Random Entry section

This type of section is a "pick one of the following" type of list. Good for lists of riddles, random situations, etc.

  • First Record: Header
    • Type [2 bytes]: 0
    • Flags [2 bytes]:
      • 0x0001 : Use random chances (see Chances below)
    • Items [2 bytes]: Number of items in this section. This shouldn't match the number of records unless you only put one entry in each record.
  • All the rest in the section: Data records
    • Number of entries in this record [2 bytes]: Multiple entries can be combined into a single record, saving space and making the database much faster when transferring to the Palm. This works better with smaller data, such as wordlists, but doesn't really lose anything with larger records.
    • Chance and Offset Array [2 or 4 bytes per entry]:
      • Chance [2 bytes]: The chance for this entry. If chances are not used, these two bytes are omitted from the record. Entries are sorted in ascending chance order. (see Chances below)
      • Offset [2 bytes]: The offset from the beginning of the record where this entry starts. The entry must be terminated with a NULL.
    • Entries: Each entry is a null-terminated string. This contains the riddle, situation, word, or whatever data the entry contains. Max size is unknown, but is probably limited by the OS to whatever you can fit in a single record, which is a little under 64k.

Letter Pairs section

One method of building words is to analyze a list of words from a language and figuring out what two letters start words. Then you see what letters possibly follow those two letters and add the third letter. You repeat until you end the word by randomly picking two letters at the end of the word or until a maximum word length is reached.

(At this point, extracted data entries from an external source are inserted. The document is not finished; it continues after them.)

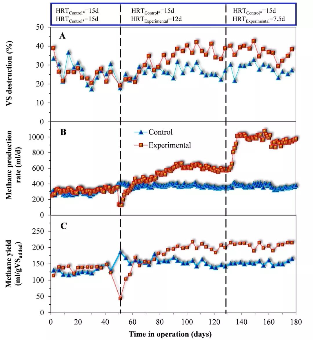 2. 和對照組污泥厭氧消化反應(yīng)器(HRT=15天)比,污泥厭氧消化系統(tǒng)在較低HRT(12天和7.5天)條件下仍能取得更高的VS去除率和甲烷產(chǎn)率(>30%);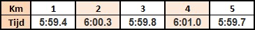 vandaag eindelijk weer eens met de spreekwoordelijke 2 vingers in de neus. Het rennen ging heel makkelijk en het retestrakke geplande tempo is volgens mij ook wel aardig gelukt! In totaal over de 5000 meter 30 minuten en 0,2 seconde gedaan en tussen de snelste en de langzaamste kilometer zit slechts 1,6 seconde... Hoezo vlak! ;-)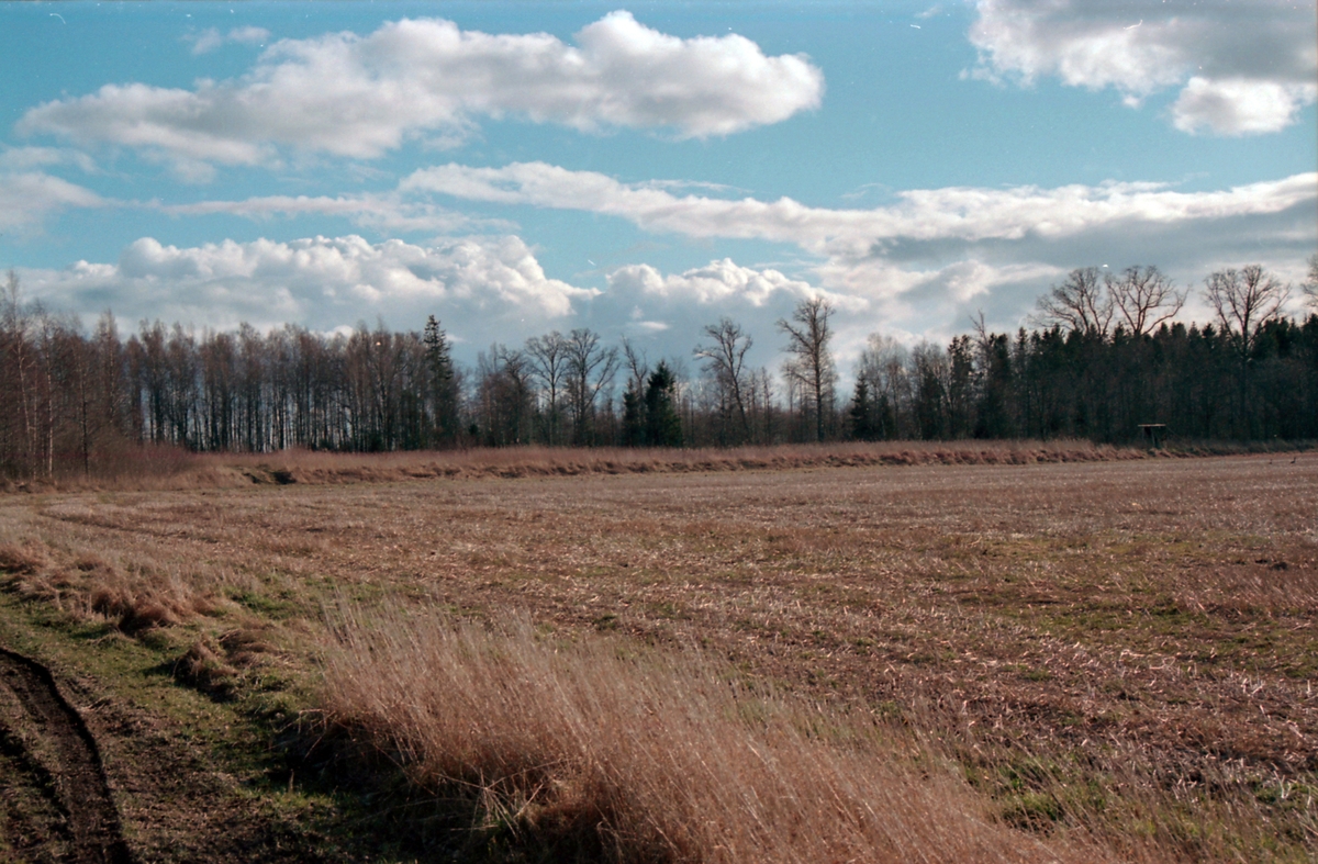 Anlagd våtmark bakom vall mot åker, Frugården Vänersnäs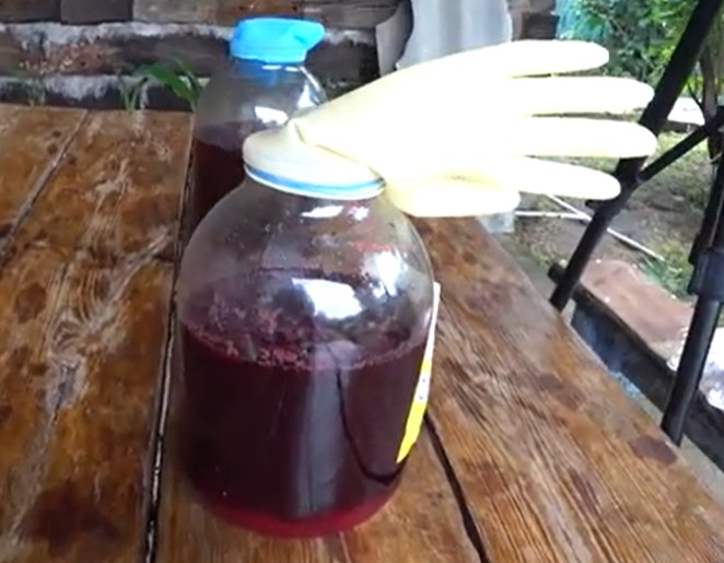 10. Когда брожение прекращается, что каждый винодел определяет по отсутствию бульканья в водяном затворе или по выдуванию перчатки и осветлению виноматериала, вино удаляется от осадка с помощью соломинки.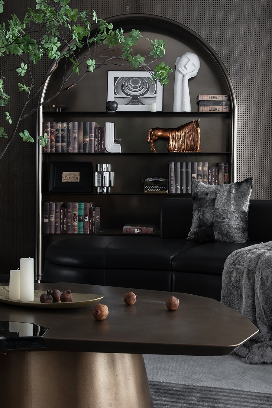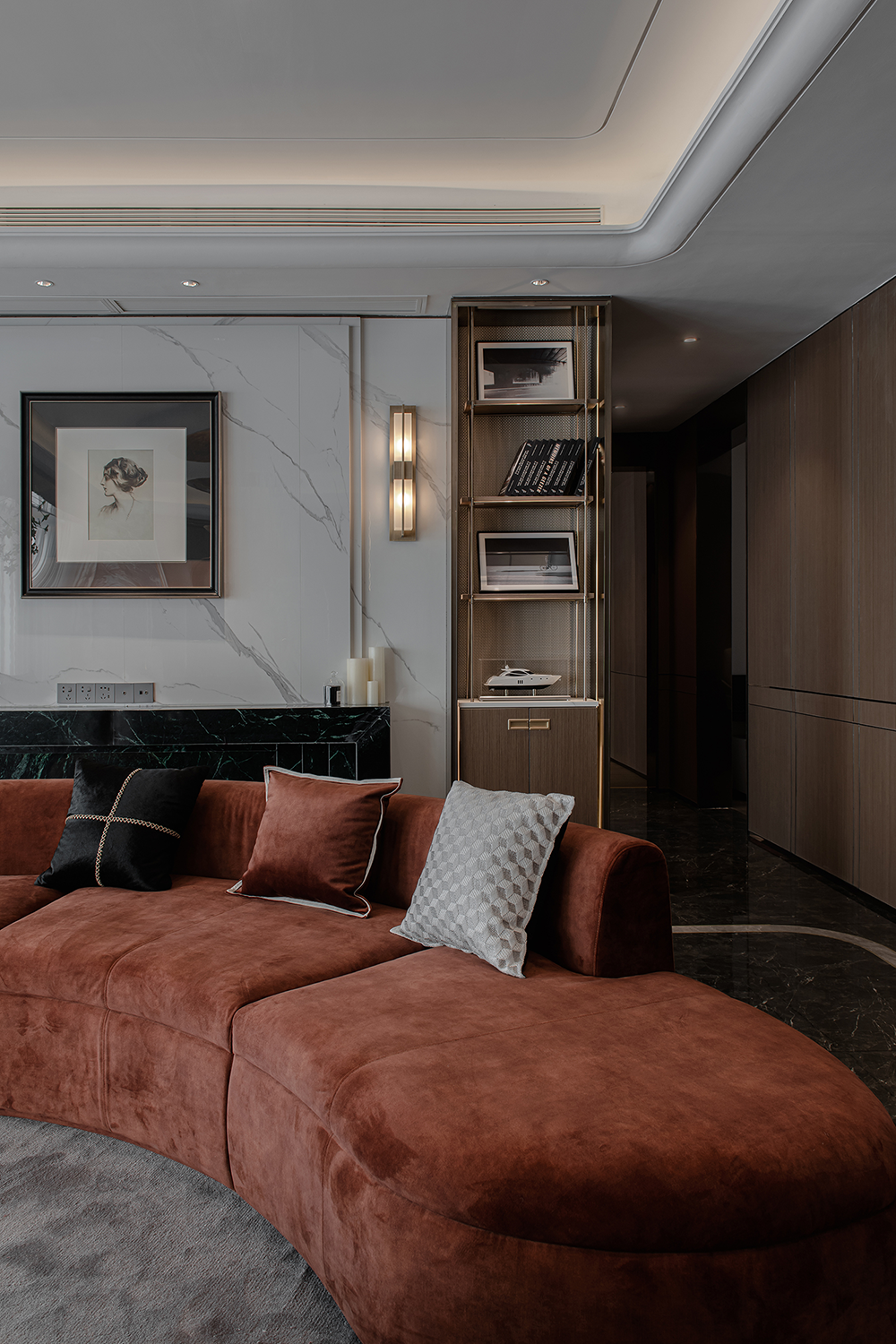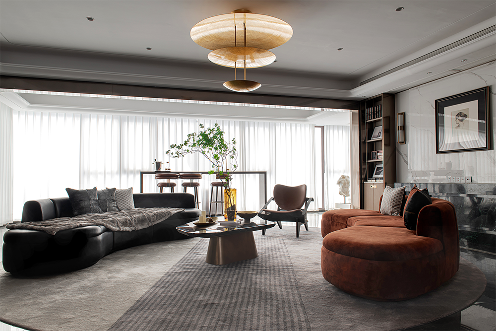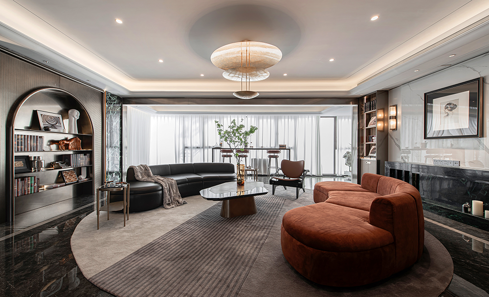 客厅运用沙对坐方式,以海派室内布局,选用包裹性很强的弧形沙发家具BAXTER,黑色皮革与生俱来的神秘魅惑,红棕色天鹅绒自带的优雅简约,低调奢华之间又蕴含无穷的底蕴。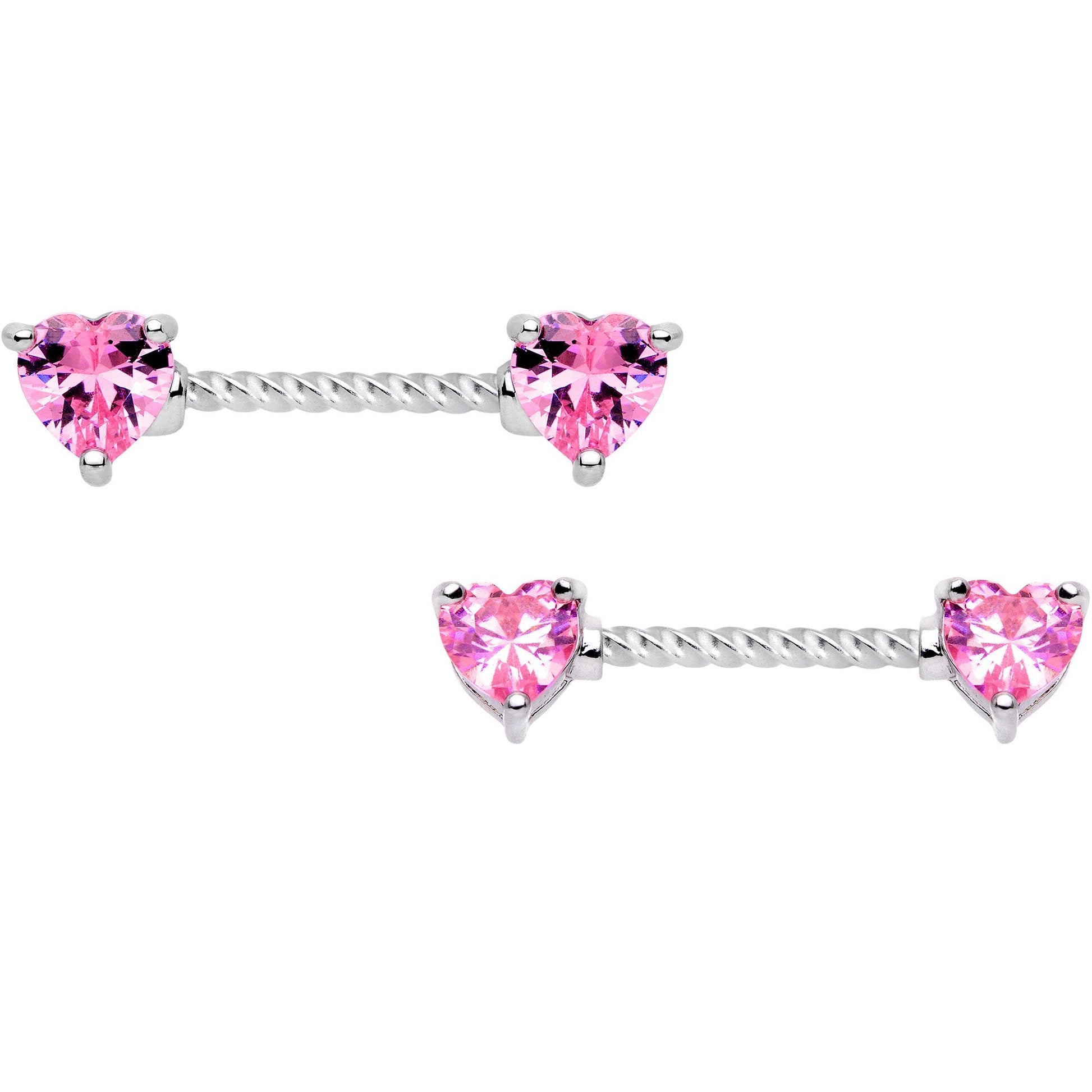 Pink CZ Gem Heart Captive Ring Twisted Straight Barbell Nipple Ring Set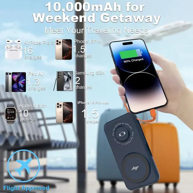High-Capacity & Fast Charging: Has a large capacity of 10, 000 mAh Travel Power Bank delivers 2-3 full charges for iPhone 16/15/14/13/12/11 and most Android phones, perfect for travel, party, hiking, camping, shopping, concerts, or international flights.. PD20W & QC 22.5W Fast Charging Power Bank refuels your devices up to 50% in 30 minutesideal for iPhone, AirPods, iPad and part Samsung users. FLIGHT APPROVED.
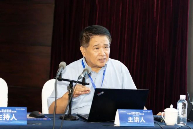 圖為廣西建工智慧製造公司董事長李長國作題為《鋼筋深加工發展過程中的困擾與對策探討》的學術報告。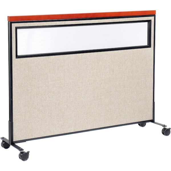 Interion Mobile Deluxe Office Partition Panel with Partial Window, 60-1/4"W x 46-1/2"H, Tan

It is strongly suggested that you use random chances with this method of word creation. One good example of why is in the English language, the letter Q is almost always followed by U. So, let's assume that our rules have Q always followed by U. With chances enabled, you'll see the letter U after every Q unless the word is just too long and had to be stopped. Without chances in the database, the letter U has a 50% chance of showing up. If U is not picked, the word will be ended. This is not exactly what people would like. However, adding chance data increases the database size a lot (over doubles the size), but produces much better results.

  • First Record: Header
    • Type [2 bytes]: 1
    • Flags [2 bytes]:
      • 0x0001 : Use random chances (see Chances below)
    • Maximum Length: The maximum length of the word. Note: I'd like to have the length taper instead of just snipping it right now.
    • Starting Pairs: (one or more of these)
      • Chance [2 bytes]: The chance that this letter pair is used. If not using random chances, these two bytes are omitted from the record. (see Chances below)
      • Starting pair [2 bytes]: Two letters that words could start with.
  • All the rest in the section: Data records
    • Starting Letter [1 byte]: The first letter of the pair.
    • Entries [1 byte]: Number of entries of letters that can follow the starting letter.
    • Second Letter Definition: (one of these per Entries)
      • Second letter [1 byte]: The second letter of the pair
      • Third letter options [1 byte]: Number of potential third letters that follow the letter pair.
    • Third Letter Definition: (one of these per Third letter options per Entries):
      • Chance [2 bytes]: The chance for this ending. If chances are not used, these two bytes are omitted from the record. If chances are used and the is no chance high enough, the word is considered finished (just like adding 0xFFFF for the chance and 0x00 for the character, but it saves 3 bytes). (see Chances below)
      • Next Letter [1 byte]: A letter that could follow the letter pairs. If not using chances, you should use 0x00 to signify that the next "letter" is actually the end of the word.

Phrase-Structure Rule Grammar section

Based on phrase-structure rules, this section has the potential to create words, sentences, phrases, spell names, and darn near everything else and can be a lot smaller than the letter pairing section or the random entry section.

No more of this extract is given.